BHEF’s Expanding Internships: Harnessing Employer Insights to Boost Opportunity and Enhance Learning revealed that in 2023, while 3.6 million students completed internships, another 4.6 million who sought similar experiences were unable to participate. The labor market value of internships is real, for students, the professionals they become, and their employers alike, with internships and other modes of work-integrated learning producing stronger outcomes in terms of post-graduation employment, career preparation, and career satisfaction. At the same time, AI is impacting the availability of jobs that offer the stepping-stone skills that teach young professionals meaningful foundations in their industry. Eighty-five percent of the rise in unemployment rate since mid-2023 is due to new market entrants who can’t find work, which could be a sign of companies already replacing entry-level jobs with AI.

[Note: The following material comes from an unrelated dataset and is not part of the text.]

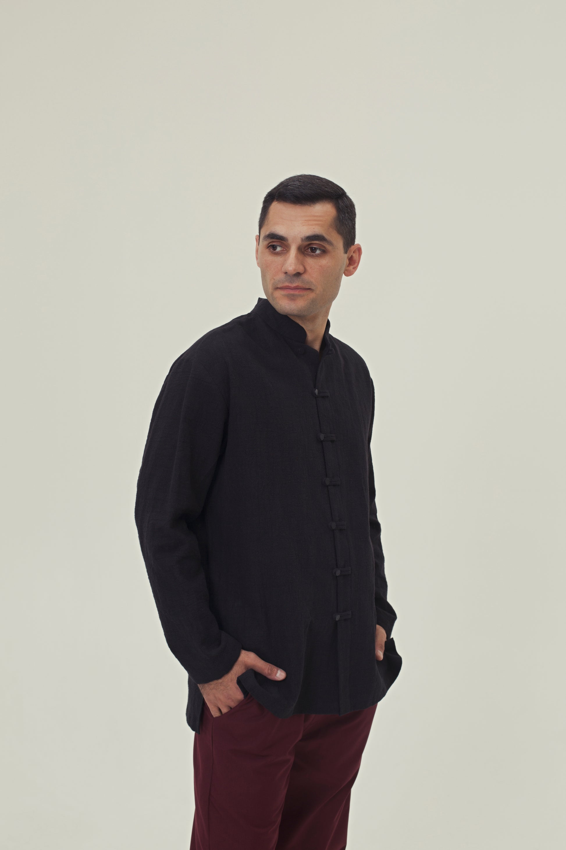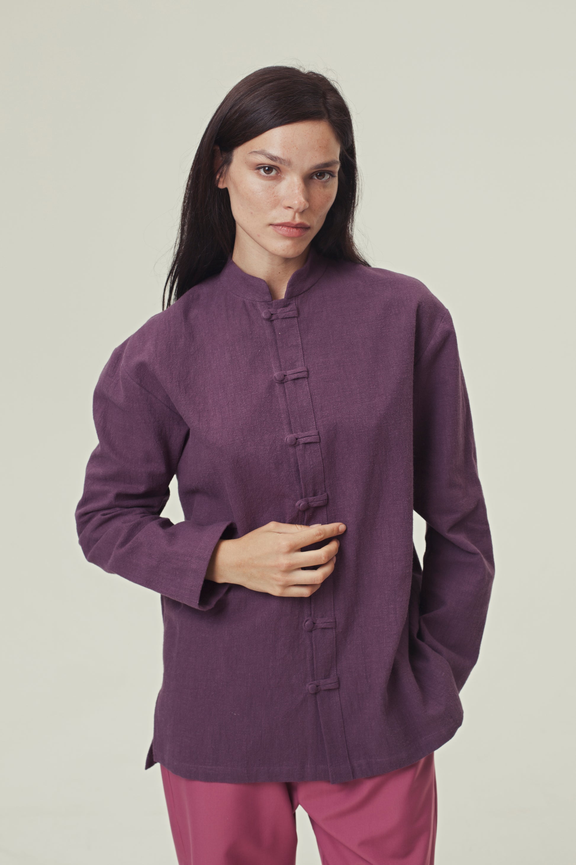 Specs: 100% natural nettle fabric | 240-250 g/m² density | Mandarin collar | Frog button closures | Available in 4 colors

Traditionally, young professionals have gained valuable skills through internships that help them land an entry-level job. However, a limited supply of internships relative to the number of students who need them, now further compounded by the disruption of AI, is making it harder for learners and young professionals to gain the work experience they need to be successful. Without early access to meaningful career development, we risk a long-term shortage of the next generation of mid-level professionals and executives. This opportunity gap is especially pronounced in industries where work-integrated learning plays a vital role in preparing talent for the workforce: in finance, professional services, and tech, internships are often a prerequisite to an entry-level job, yet there are not enough opportunities available to meet demand.

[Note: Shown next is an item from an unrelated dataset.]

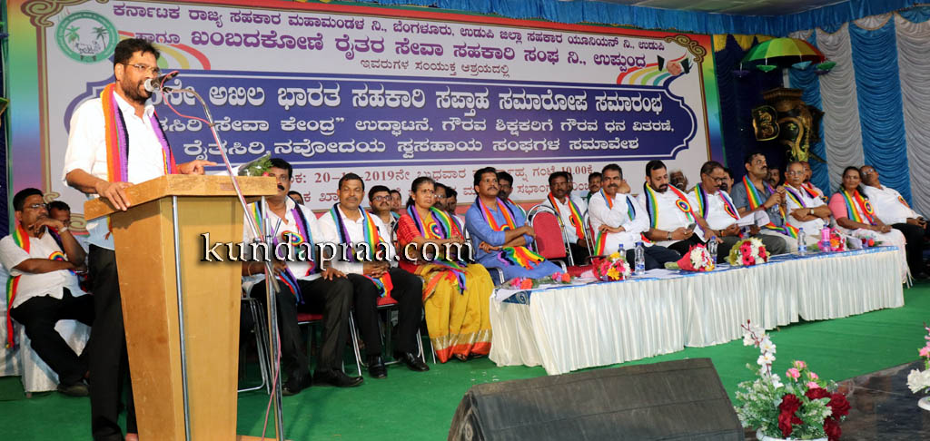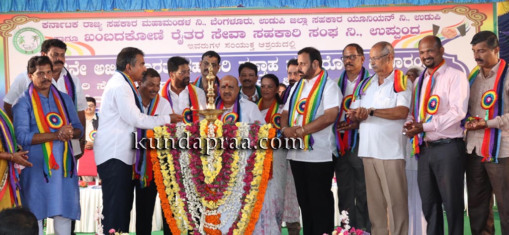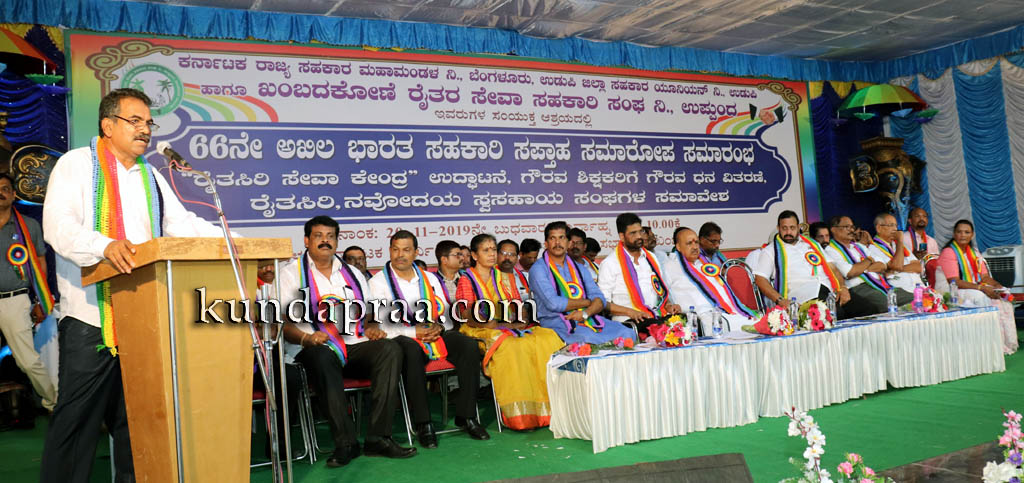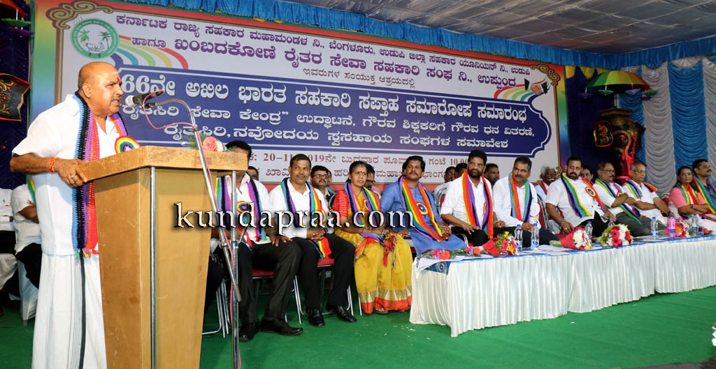 ಅವರು ಬುಧವಾರ ಕರ್ನಾಟಕ ರಾಜ್ಯ ಸಹಕಾರ ಮಹಾಮಂಡಲ ನಿ. ಬೆಂಗಳೂರು, ಉಡುಪಿ ಜಿಲ್ಲಾ ಸಹಕಾರ ಯೂನಿಯನ್ ನಿ. ಉಡುಪಿ ಹಾಗೂ ಖಂಬದಕೋಣೆ ರೈತರ ಸೇವಾ ಸಹಕಾರಿ ಸಂಘ ನಿ. ಉಪ್ಪುಂದ ಇವರುಗಳ ಸಂಯುಕ್ತ ಆಶ್ರಯದಲ್ಲಿ ಖಂಬದಕೋಣೆ ಕರ್ನಾಟಕ ಖಾವಿ ಯಾನೆ ಹರಿಕಾಂತ ಮಹಾಜನ ಸಭಾಂಗಣದಲ್ಲಿ ಜರುಗಿದ ೬೬ನೇ ಸಹಕಾರಿ ಸಪ್ತಾಹ ಸಮಾರೋಪ ಸಮಾರಂಭಕ್ಕೂ ಮುನ್ನ ಸಂಘದ ಖಂಬದಕೋಣೆ ಶಾಖೆಯಲ್ಲಿ ಆರಂಭಗೊಂಡ ರೈತಸಿರಿ ಸೇವಾ ಕೇಂದ್ರವನ್ನು ಉದ್ಘಾಟಿಸಿ ಬಳಿಕ ಮಾತನಾಡಿದರು.

While internship job postings data is imperfect and does not always show the full range of work-integrated learning experiences, it still gives us a glimpse into the labor market. There is a key mismatch between industries’ demand for entry-level talent and their supply of internship opportunities, which is an early signal of how well each sector is investing in its own early talent pipeline. Internship supply varies greatly by industry:
Above Average Investment in Internships
Industries like utilities, information, and manufacturing offer the greatest share of internships compared to other industries (30–40% internship job postings as a percentage of entry-level postings). These industries are investing in preparing early talent that they subsequently have a high demand for. But, even in these industries, internships only cover about one-third to two-fifths of entry-level demand. That gap leaves a large share of new hires potentially without formal pre-employment experience, raising questions about how the rest gain critical skills and experience to land that first job.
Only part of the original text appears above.